Al in de eerste brief van K.H. aan A.O. Hume werd gewezen op het belang van het inslaan van nieuwe denkpaden. 'Naarmate de menselijke geest nieuwe ideeën zal ontvangen en de oude en versletene terzijde zal leggen, zal de wereld vooruitgaan;...het zal even onmogelijk zijn hun invloed te weerstaan, als de tijd daar is, als te trachten de loop van het getij te stuiten; maar dit alles zal geleidelijk gebeuren, en voor het zover is hebben wij een taak te vervullen; en wel, het zoveel mogelijk verwijderen van het afval dat onze vrome voorvaderen achterlieten. Nieuwe ideeën moeten in schone grond worden geplant, want deze ideeën raken de belangrijkste onderwerpen...raken de werkelijke plaats van de mens in het heelal m.b.t. zijn vroegere en toekomstige geboorten; zijn oorsprong en uiteindelijke bestemming; de relatie tussen het sterfelijke en het onsterfelijke; tussen het tijdelijke en het eeuwige, het eindige en het oneindige; het zijn groter, verhevener ideeën, meer omvattend, die de universele heerschappij van de niet-veranderende en Onvergankelijke Wet erkennen, ten aanzien waarvan er slechts een EEUWIG NU bestaat, terwijl voor oningewijde stervelingen de tijd iets is van verleden of toekomst daar hij in verband staat met hun eindig bestaan op dit aardbolletje.' (MB 6, blz. 27; zie in verband hiermee ook MB 93, blz. 473-474)
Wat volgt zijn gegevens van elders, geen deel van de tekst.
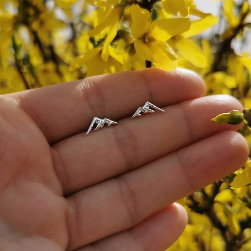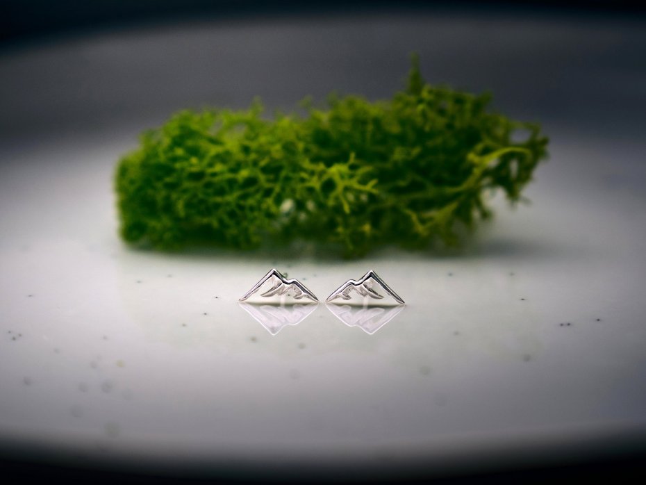 Kolczyki o subtelnym wyglądzie, prezentują minimalistyczną interpretację górskiej scenerii.

Daarom moet er een begin worden gemaakt met 'een "Broederschap van de Mensheid", een echte Universele Broederschap; een instelling die in de hele wereld bekendheid zal verwerven en de aandacht zal trekken van de edelste geesten.' (MB 6, blz. 27-28)

Waarom is die Broederschap der Mensheid zo belangrijk? Welnu, zij kan ertoe bijdragen dat... 'alle menselijke en zuiver individuele gevoelens - bloedverwantschap, vriendschapsbandenn, vaderlandsliefde en rasvoorkeur - alle zullen verdwijnen om samen te smmelten in één universeel gevoel, het enig ware en heilige, het enig onzelfzuchtige en Eeuwige - Liefde, een Onmetelijke Liefde voor de mensheid - als geheel! Want het is de "mensheid" die de grote wees is, de enig onterfde op aarde, mijn vriend. En het is de plicht van ieder mens, die gevoelig is voor een onzelfzuchtige impuls, om iets, hoe weinig ook, voor haar welzijn te doen.' (MB 8, blz. 36-37)
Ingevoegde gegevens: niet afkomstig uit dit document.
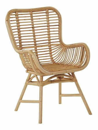 Táto pohodlná ratanová stolička vytvorí vo vašom interiéri letnú atmosféru. Zaoblený dizajn s vysokým operadlom ponúka úžasný komfort počas dlhých hodín strávených čítaním vašej obľúbenej knihy. Je vyrobená z robustného, ľahko udržiavateľného ratanu v prírodnej farbe. Vďaka otvorenej štruktúre pôsobí vzdušným dojmom a je ideálnou voľbou do interiéru v akomkoľvek štýle.

En laten we niet uit het oog verliezen: 'Eenheid geeft altijd kracht:...Eenheid betekent...een concentratie van vitale en magnetische kracht tegenover de vijandige stromen van vooroordeel en fanatisme.' (MB 8, blz. 40)
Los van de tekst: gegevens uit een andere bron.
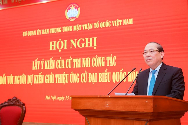 (Mặt trận) - Ngày 13/1, tại Hà Nội, Cơ quan Ủy ban Trung ương MTTQ Việt Nam tổ chức Hội nghị lấy ý kiến của cử tri nơi công tác đối với người dự kiến giới thiệu ứng cử đại biểu Quốc hội khóa XVI. Ông Nguyễn Phi Long, Ủy viên dự khuyết Trung ương Đảng, Phó Bí thư Đảng ủy MTTQ, các đoàn thể Trung ương chủ trì Hội nghị.

De doelstellingen van de T.S. moeten goed begrepen worden, want het zijn 'de algemene misvattingen omtrent de doelstellingen van de T.S. die haar vooruitgang verlammen - en niets anders. Het ontbreekt deze doelstellingen niet aan duidelijkheid, als zij maar behoorlijk worden uitgelegd. De leden zouden volop werk hebben als zij met de helft van de ijver waarmee ze nu illusies najagen, de werkelijkheid zochten...De Theosofie...(zou) in handen van echte filantropen en theosofen zo sterk als een onneembare vesting kunnen worden...Alleen hij, die liefde voor de mensheid in zijn hart koestert, die in staat is de gedachte van een herscheppende praktische Broederschap ten volle te begrijpen, heeft het recht onze geheimen te bezitten. Hij alleen, zo iemand - zal zijn vermogens nooit misbruiken, daar er geen vrees hoeft te bestaan dat hij ze voor zelfzuchtige doeleinden zal aanwenden...De wereld heeft het licht van ware kennis verduisterd en zelfzucht verhindert haar herleving, want de hechte broederschap van allen, die onder dezelfde onveranderlijke natuurwet werden geboren, wordt door haar uitgesloten en niet erkend.(MB 38, blz. 277-278)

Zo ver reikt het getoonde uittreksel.